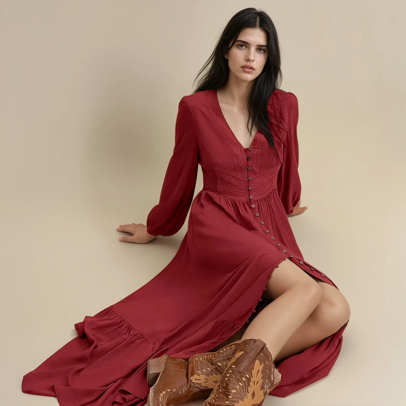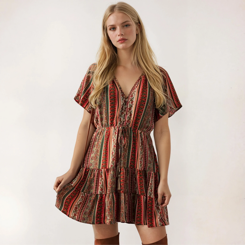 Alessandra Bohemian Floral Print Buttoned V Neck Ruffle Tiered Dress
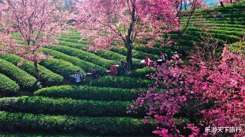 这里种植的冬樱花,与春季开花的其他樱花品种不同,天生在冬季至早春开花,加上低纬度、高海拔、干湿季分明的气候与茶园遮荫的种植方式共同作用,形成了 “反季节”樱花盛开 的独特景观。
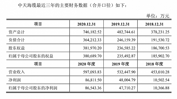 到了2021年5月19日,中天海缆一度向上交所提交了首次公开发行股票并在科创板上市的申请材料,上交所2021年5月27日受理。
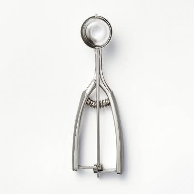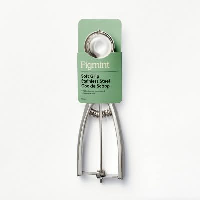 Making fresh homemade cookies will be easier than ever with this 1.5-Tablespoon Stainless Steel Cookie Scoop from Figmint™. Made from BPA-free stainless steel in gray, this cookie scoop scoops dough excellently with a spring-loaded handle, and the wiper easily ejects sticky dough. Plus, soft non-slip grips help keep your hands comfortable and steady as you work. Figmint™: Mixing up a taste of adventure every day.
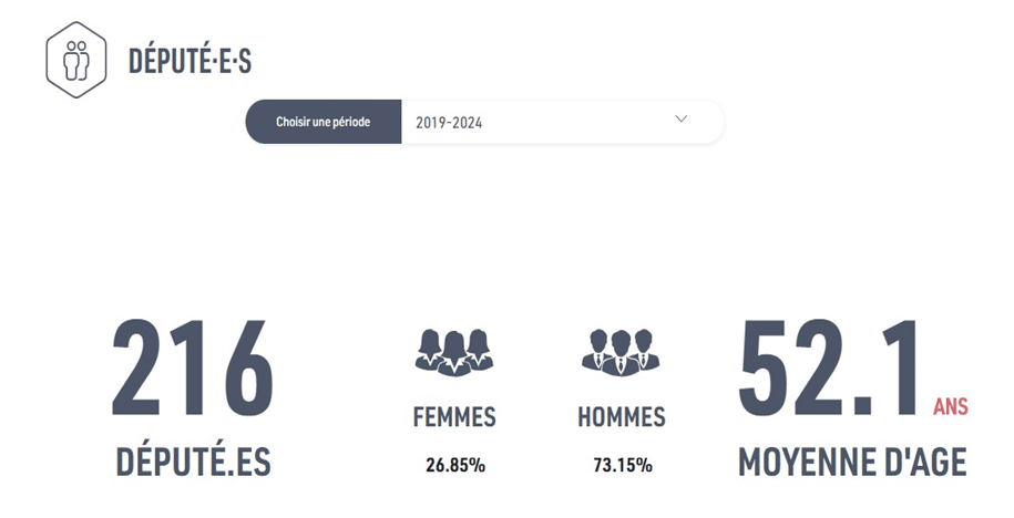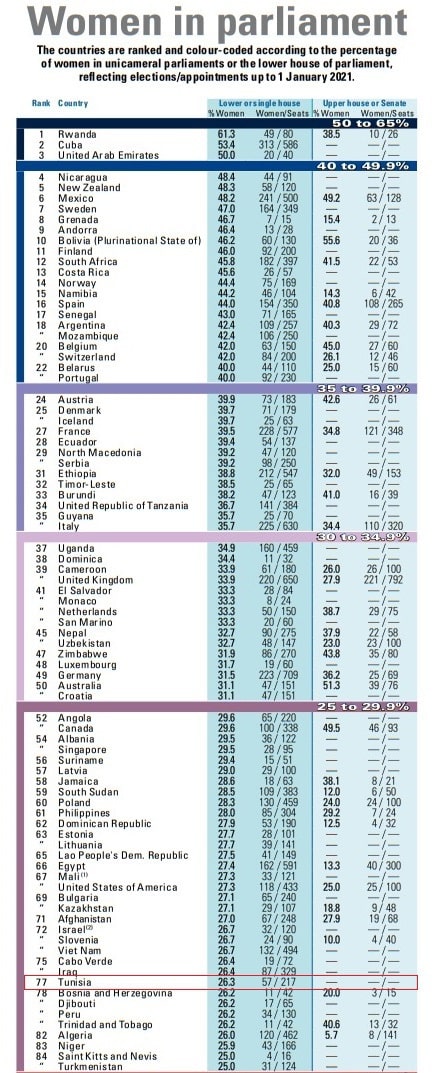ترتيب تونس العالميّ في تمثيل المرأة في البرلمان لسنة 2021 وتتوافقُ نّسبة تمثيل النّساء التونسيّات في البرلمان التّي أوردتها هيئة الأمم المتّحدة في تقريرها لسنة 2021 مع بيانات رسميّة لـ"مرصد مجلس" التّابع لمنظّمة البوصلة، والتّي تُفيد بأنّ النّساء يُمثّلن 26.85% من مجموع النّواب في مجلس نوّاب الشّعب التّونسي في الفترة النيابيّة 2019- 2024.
----
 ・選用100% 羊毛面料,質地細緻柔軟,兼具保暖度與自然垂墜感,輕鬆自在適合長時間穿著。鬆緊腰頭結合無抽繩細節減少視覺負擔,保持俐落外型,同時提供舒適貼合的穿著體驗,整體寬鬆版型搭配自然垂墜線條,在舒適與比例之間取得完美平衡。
----
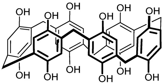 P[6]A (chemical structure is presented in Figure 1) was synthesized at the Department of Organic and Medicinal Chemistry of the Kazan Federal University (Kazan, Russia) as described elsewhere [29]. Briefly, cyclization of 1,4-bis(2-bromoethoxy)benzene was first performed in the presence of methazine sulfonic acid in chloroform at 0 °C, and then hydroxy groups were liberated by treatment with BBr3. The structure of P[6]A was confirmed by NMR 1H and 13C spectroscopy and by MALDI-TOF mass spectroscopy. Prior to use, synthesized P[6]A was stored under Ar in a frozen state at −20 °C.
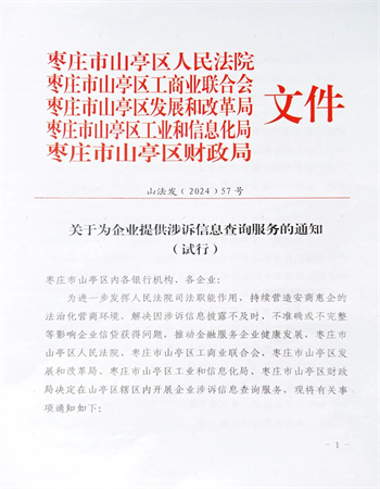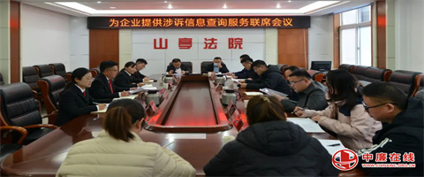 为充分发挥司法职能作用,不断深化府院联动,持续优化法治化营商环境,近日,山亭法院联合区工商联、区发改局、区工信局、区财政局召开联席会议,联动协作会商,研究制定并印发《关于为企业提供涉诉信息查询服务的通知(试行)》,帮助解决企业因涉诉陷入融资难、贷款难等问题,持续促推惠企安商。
----
What is being asked: From the listing above, repeat only the lines between the line containing "Alessandra Bohemian Floral" and the line containing "ترتيب تونس العالميّ", those two included. Pictures are not part of the copy.

Answer box:
 Alessandra Bohemian Floral Print Buttoned V Neck Ruffle Tiered Dress
 这里种植的冬樱花,与春季开花的其他樱花品种不同,天生在冬季至早春开花,加上低纬度、高海拔、干湿季分明的气候与茶园遮荫的种植方式共同作用,形成了 “反季节”樱花盛开 的独特景观。
 到了2021年5月19日,中天海缆一度向上交所提交了首次公开发行股票并在科创板上市的申请材料,上交所2021年5月27日受理。
 Making fresh homemade cookies will be easier than ever with this 1.5-Tablespoon Stainless Steel Cookie Scoop from Figmint™. Made from BPA-free stainless steel in gray, this cookie scoop scoops dough excellently with a spring-loaded handle, and the wiper easily ejects sticky dough. Plus, soft non-slip grips help keep your hands comfortable and steady as you work. Figmint™: Mixing up a taste of adventure every day.
ترتيب تونس العالميّ في تمثيل المرأة في البرلمان لسنة 2021 وتتوافقُ نّسبة تمثيل النّساء التونسيّات في البرلمان التّي أوردتها هيئة الأمم المتّحدة في تقريرها لسنة 2021 مع بيانات رسميّة لـ"مرصد مجلس" التّابع لمنظّمة البوصلة، والتّي تُفيد بأنّ النّساء يُمثّلن 26.85% من مجموع النّواب في مجلس نوّاب الشّعب التّونسي في الفترة النيابيّة 2019- 2024.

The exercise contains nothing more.